Materials provided:
● ● ● ● ●
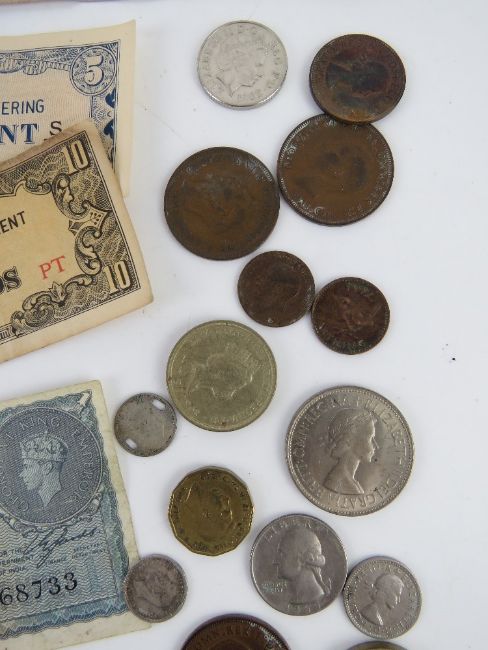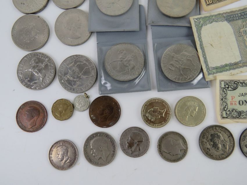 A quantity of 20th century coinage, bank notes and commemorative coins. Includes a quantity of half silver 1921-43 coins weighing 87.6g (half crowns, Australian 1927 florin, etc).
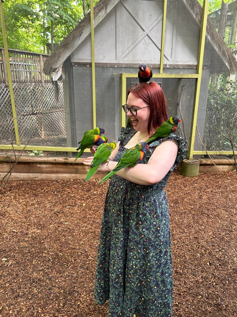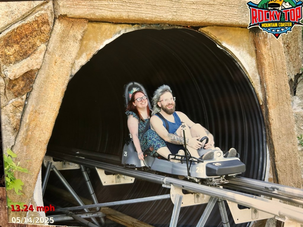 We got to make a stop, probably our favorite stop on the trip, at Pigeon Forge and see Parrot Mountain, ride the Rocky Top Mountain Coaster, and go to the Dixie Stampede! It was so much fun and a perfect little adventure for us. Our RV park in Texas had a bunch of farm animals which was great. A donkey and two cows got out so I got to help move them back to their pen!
● ● ● ● ●
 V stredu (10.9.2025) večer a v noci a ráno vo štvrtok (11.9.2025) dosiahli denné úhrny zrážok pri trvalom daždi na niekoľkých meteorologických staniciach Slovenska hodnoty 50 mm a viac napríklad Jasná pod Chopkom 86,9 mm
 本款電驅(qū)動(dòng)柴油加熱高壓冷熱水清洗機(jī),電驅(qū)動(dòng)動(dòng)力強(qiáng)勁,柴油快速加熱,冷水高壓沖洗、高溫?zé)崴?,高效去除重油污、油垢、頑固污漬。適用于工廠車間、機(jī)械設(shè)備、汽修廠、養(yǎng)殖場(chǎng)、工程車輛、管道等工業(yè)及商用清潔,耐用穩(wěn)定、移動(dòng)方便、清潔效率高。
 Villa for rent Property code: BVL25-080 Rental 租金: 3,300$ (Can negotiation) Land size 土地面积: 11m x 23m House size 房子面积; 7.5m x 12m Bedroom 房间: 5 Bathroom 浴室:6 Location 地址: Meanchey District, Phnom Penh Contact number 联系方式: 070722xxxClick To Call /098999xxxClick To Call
● ● ● ● ●
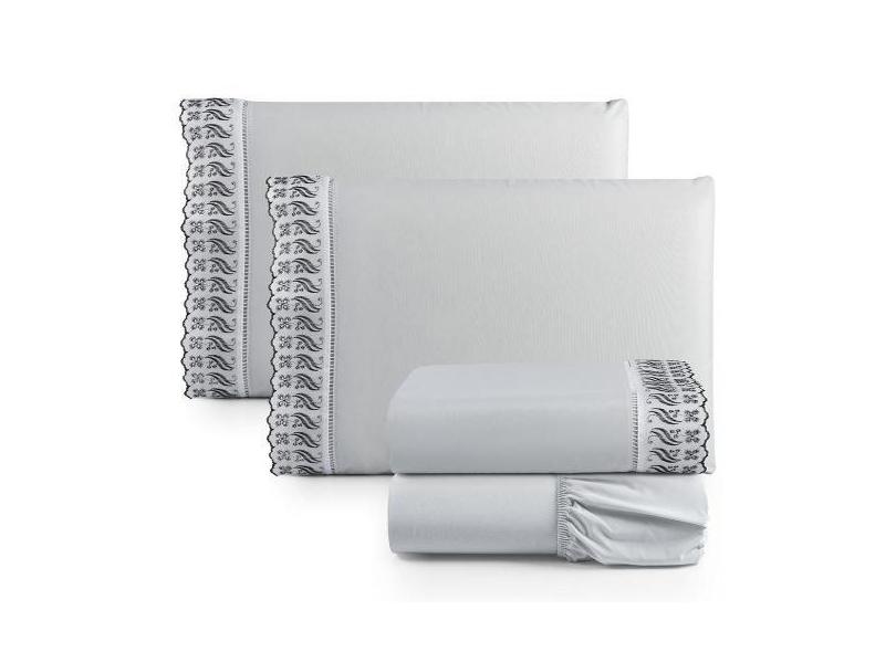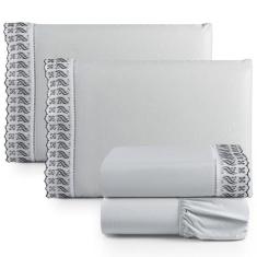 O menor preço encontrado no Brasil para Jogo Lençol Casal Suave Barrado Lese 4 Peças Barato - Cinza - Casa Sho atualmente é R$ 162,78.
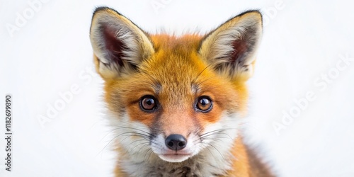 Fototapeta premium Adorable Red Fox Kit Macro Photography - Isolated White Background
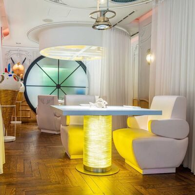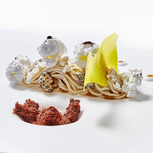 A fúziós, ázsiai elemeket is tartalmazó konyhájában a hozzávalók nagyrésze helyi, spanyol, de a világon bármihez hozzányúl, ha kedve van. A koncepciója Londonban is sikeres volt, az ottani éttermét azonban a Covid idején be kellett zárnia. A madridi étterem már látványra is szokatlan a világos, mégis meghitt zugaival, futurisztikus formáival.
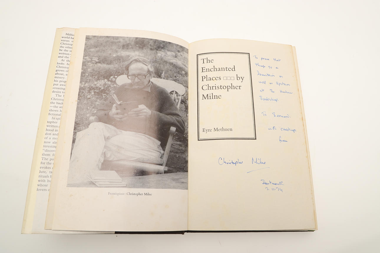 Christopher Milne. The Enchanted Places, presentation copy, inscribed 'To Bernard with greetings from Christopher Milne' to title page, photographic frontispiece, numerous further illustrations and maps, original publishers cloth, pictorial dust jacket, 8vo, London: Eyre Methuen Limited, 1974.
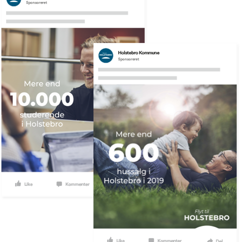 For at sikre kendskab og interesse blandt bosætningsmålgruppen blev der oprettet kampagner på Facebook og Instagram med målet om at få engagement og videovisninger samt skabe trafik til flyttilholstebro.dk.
● ● ● ● ●
Work order:
In the listing above, find the line containing "O menor preço" and the line containing "Fototapeta premium Adorable", then print exactly those two lines and every line between them, minus the pictures.

Response below:
 O menor preço encontrado no Brasil para Jogo Lençol Casal Suave Barrado Lese 4 Peças Barato - Cinza - Casa Sho atualmente é R$ 162,78.
 Fototapeta premium Adorable Red Fox Kit Macro Photography - Isolated White Background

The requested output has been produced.